Cliquez sur le bouton de test de démarrage pour démarrer l’analyse qc cellule d’écoulement. Ensuite, avec une pipette P1000 réglée sur 100 microlitres, retirez moins de 30 microlitres de tampon pour éliminer les bulles de la cellule d’écoulement. Ajouter 30 microlitres du mélange d’amorçage pour couvrir le dessus du port d’amorçage pour éviter d’introduire des bulles.
Ensuite, pipette 800 microlitres du mélange d’amorçage dans le port d’amorçage pour charger la cellule d’écoulement. Sortez la pointe lorsqu’il reste environ 50 microlitres du mélange d’amorçage et ajoutez le reste du mélange d’amorçage sur le dessus du port d’amorçage. Ensuite, avec une pipette P1000, ajouter 200 microlitres du mélange d’amorçage dans la cellule d’écoulement.
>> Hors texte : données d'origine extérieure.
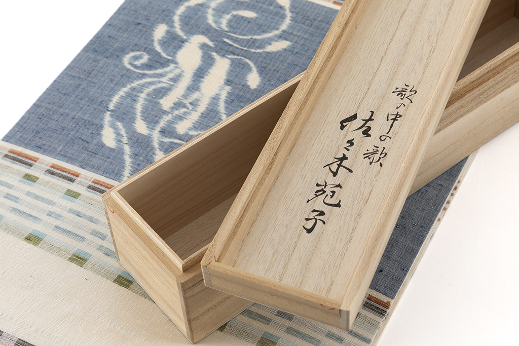 1939年東京に生まれた佐々木苑子さんは、20代半ばから染織を志し、静岡県の手織り紬工房で平織・縞・格子の技術を学ばれ、1969年に自宅に織物工房を設立し、1971年に紬織の作品で伝統工芸新作展に初入選されました。その後、紬織と絣の研究に専念し、曲線で表現する絵絣の技を求めて、鳥取県の弓浜絣と島根県の広瀬絣を学び、鳥や花、星や月などの身近な自然のモチーフから図柄を創案し、多彩な植物染料で染めた紬糸の繊細華麗な絵絣に表すことに挑まれ、品格ある芸術性の高い紬織の絵絣へと展開させました。従来の直線的・抽象的な絣文様に加え、より繊細で詩情に満ちた絵絣を取り入れ、写生に基づく図案に沿って幾何学文様と絵絣を活用することで、独自の作風を築かれました。伝統的な紬織の技法に根差しつつ、デザイン面ではオリジナリティを前面に出し、唯一無二の前衛作家として魅力的な着物の数々を生み出されています。

Puis, juste avant le chargement, utilisez une pipette P200 réglée sur 80 microlitres pour monter et descendre la bibliothèque d’ADN six fois. Enfin, chargez le mélange de bibliothèque dans la cellule d’écoulement à travers le port de l’échantillon, et procédez au séquençage et à l’analyse des données. L’analyse qc de l’ADN prêt pour la construction mécanique de bibliothèque à base de cisaillement a eu comme conséquence le rapport de pureté de 260 à 280 d’approximativement 1.9, et le rapport 260 à 230 d’approximativement 2.3, montrant un bon échantillon d’ADN.
Le même résultat a été observé à l’aide de la construction de bibliothèques à fragmentation prêtes à être transposées par l’ADN. Le contrôle de qualité de taille de l’ADN de HMW aiguille-cisaillé par l’électrophoresis de gel de champ d’impulsion a prouvé que la majorité de l’ADN de HMW était plus grand que 50 kilobases. Les résultats de quatre séries utilisant la cellule HG00733 ont montré que le N50 d’une bibliothèque mécanique à base de cisaillement était plus court qu’une bibliothèque à fragmentation de transposase.
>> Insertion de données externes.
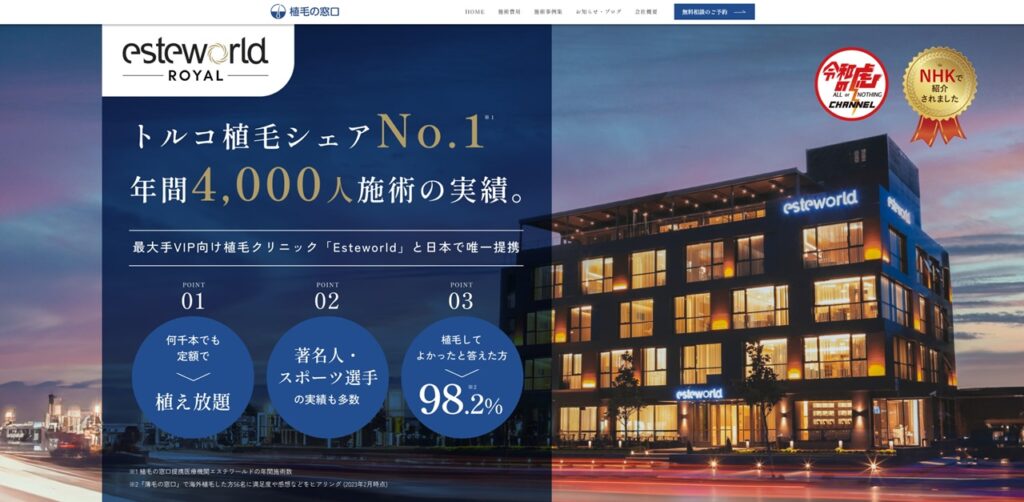 植毛の窓口では、最大手VIP向け植毛クリニック「Esteworld」と提携しており、最先端の植毛治療を受けることができます。

En outre, les quatre pistes avaient plus de 2300 lectures avec une longueur de plus de 100 kilobases. La longueur maximale était plus longue dans les bibliothèques à fragmentation de transposase avec son temps de préparation plus court, par rapport aux bibliothèques mécaniques à base de cisaillement. Les bibliothèques mécaniques à base de cisaillement ont produit des lectures plus totales par rapport aux bibliothèques à fragmentation de transposase, ce qui indique un rendement plus élevé.
Les deux bibliothèques ont montré une qualité constante et plus de 97% de leurs bases totales ont été alignées avec le génome de référence humain. Les distributions de taille prévues ont montré que les quatre séries avaient une grande proportion de données supérieures à 50 kilobases, tandis que les bibliothèques à fragmentation de transposase avaient un ratio plus élevé de lectures ultra-longues. L’objectif global est de garder l’ADN intact, il est donc important d’éviter toute manipulation sévère de l’ADN.
Un facteur clé qui peut maximiser la valeur de la méthode est l’analyse computationnelle. Notre équipe a mis au point un pipeline d’analyse à long terme appelé PICKY qui peut détecter une gamme complète de VUS à haute sensibilité. Il ouvrira de nouvelles voies à des domaines passionnants comme la détection de SVs complexes et les réarrangements et modifications progressives au niveau de la molécule unique.
Cela améliorera considérablement notre compréhension de l’architecture du génome. Le phénol est très corrosif. Vous devez travailler avec elle dans une hotte de fumée avec de l’équipement de protection individuelle, y compris des gants, des lunettes de sécurité, un manteau de laboratoire, des pantalons longs et des chaussures.